▶ Work instruction:
Reproduce the listing below in full and exactly; no pictures belong in the copy.

▶ Data segment:
---
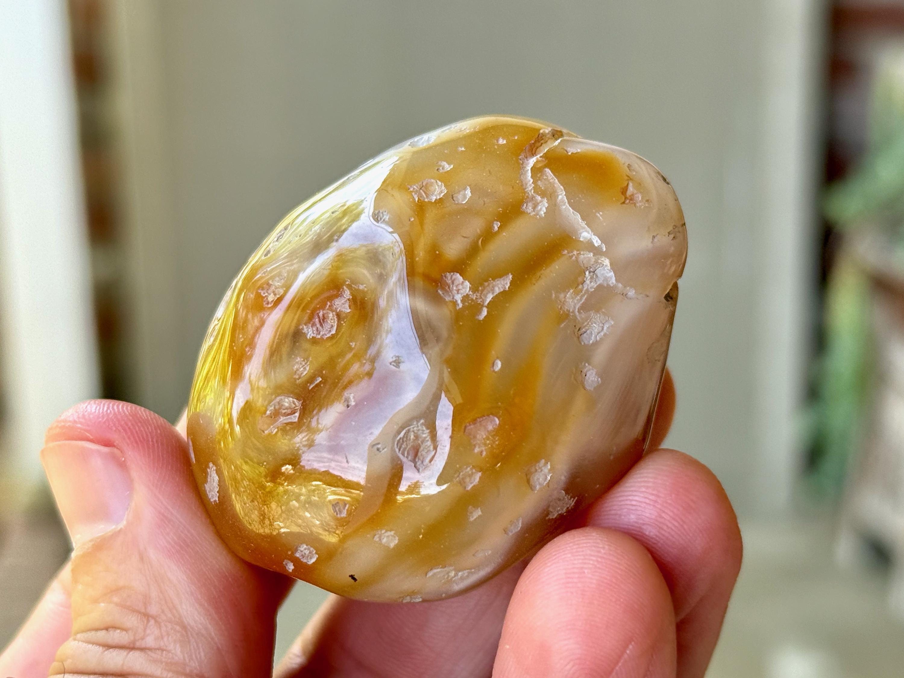 The term for this natural phenomenon is "Enhydro" and it occurs when water is trapped inside of an Agate (or crystal) during its millions-of-years development. These Agates have been polished so that one can see the water moving within when backlit (with a flashlight, for instance). In many cases, you can actually hear the water swishing if you shake it next to your ear. This is an incredibly rare phenomenon, as most Enhydro crystals contain only the smallest drop of water. These very special stones bring a balance between the elements of Earth and Water, increased spiritual receptivity and balance.
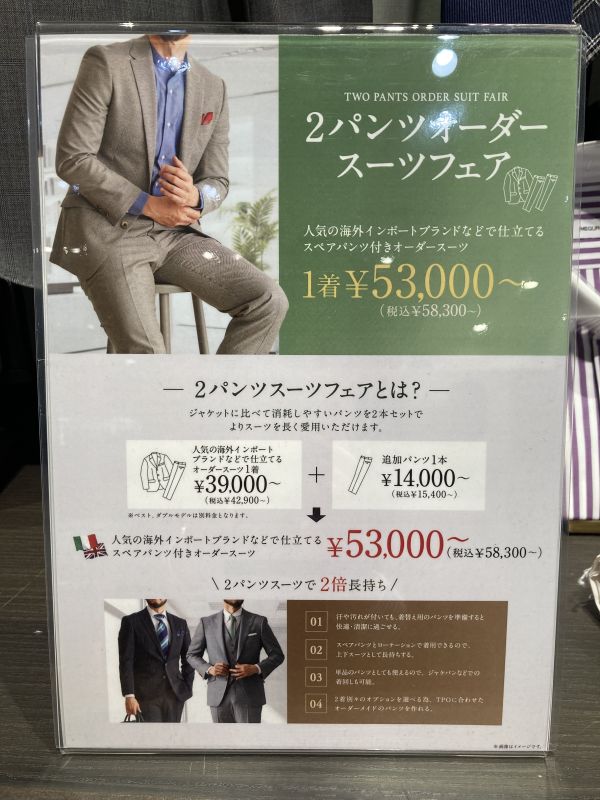 海外インポートブランドのスーツが、只今上下39,000+税~にパンツもう1本14,000+税~からで2パンツスーツ53,000+税からお仕立て可能です!
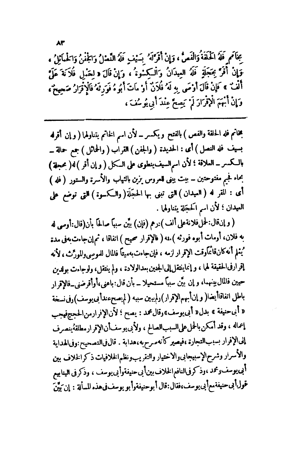 بخاتمٍ فله الحلقة والفص، وإن أقر له بسيفٍ فله النصل والجفن والحمائل، وإن أقر بحجلةٍ فله العيدان والكسوة، وإن قال "لحمل فلانة علي ألفٌ" فإن قال أوصى به له فلانٌ أو مات أبوه فورثه فالإقرار صحيحٌ، وإن أبهم الإقرار لم يصح عند أبي يوسف،
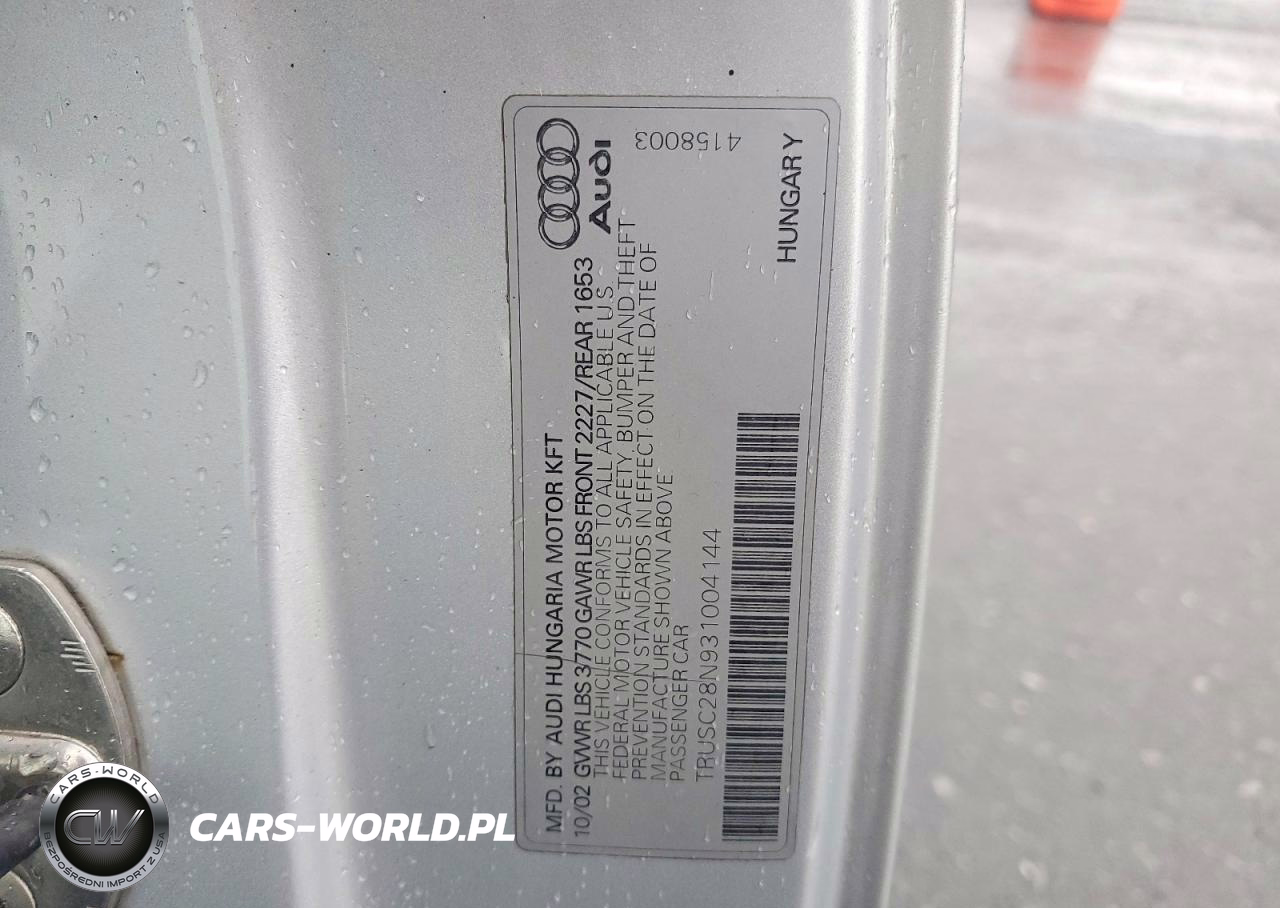 Copart Nr: C-72532475 VIN: TRUSC28N931004144 Port: Elizabeth, NJ
---
▶ Exercise solution:
 The term for this natural phenomenon is "Enhydro" and it occurs when water is trapped inside of an Agate (or crystal) during its millions-of-years development. These Agates have been polished so that one can see the water moving within when backlit (with a flashlight, for instance). In many cases, you can actually hear the water swishing if you shake it next to your ear. This is an incredibly rare phenomenon, as most Enhydro crystals contain only the smallest drop of water. These very special stones bring a balance between the elements of Earth and Water, increased spiritual receptivity and balance.
 海外インポートブランドのスーツが、只今上下39,000+税~にパンツもう1本14,000+税~からで2パンツスーツ53,000+税からお仕立て可能です!
 بخاتمٍ فله الحلقة والفص، وإن أقر له بسيفٍ فله النصل والجفن والحمائل، وإن أقر بحجلةٍ فله العيدان والكسوة، وإن قال "لحمل فلانة علي ألفٌ" فإن قال أوصى به له فلانٌ أو مات أبوه فورثه فالإقرار صحيحٌ، وإن أبهم الإقرار لم يصح عند أبي يوسف،
 Copart Nr: C-72532475 VIN: TRUSC28N931004144 Port: Elizabeth, NJ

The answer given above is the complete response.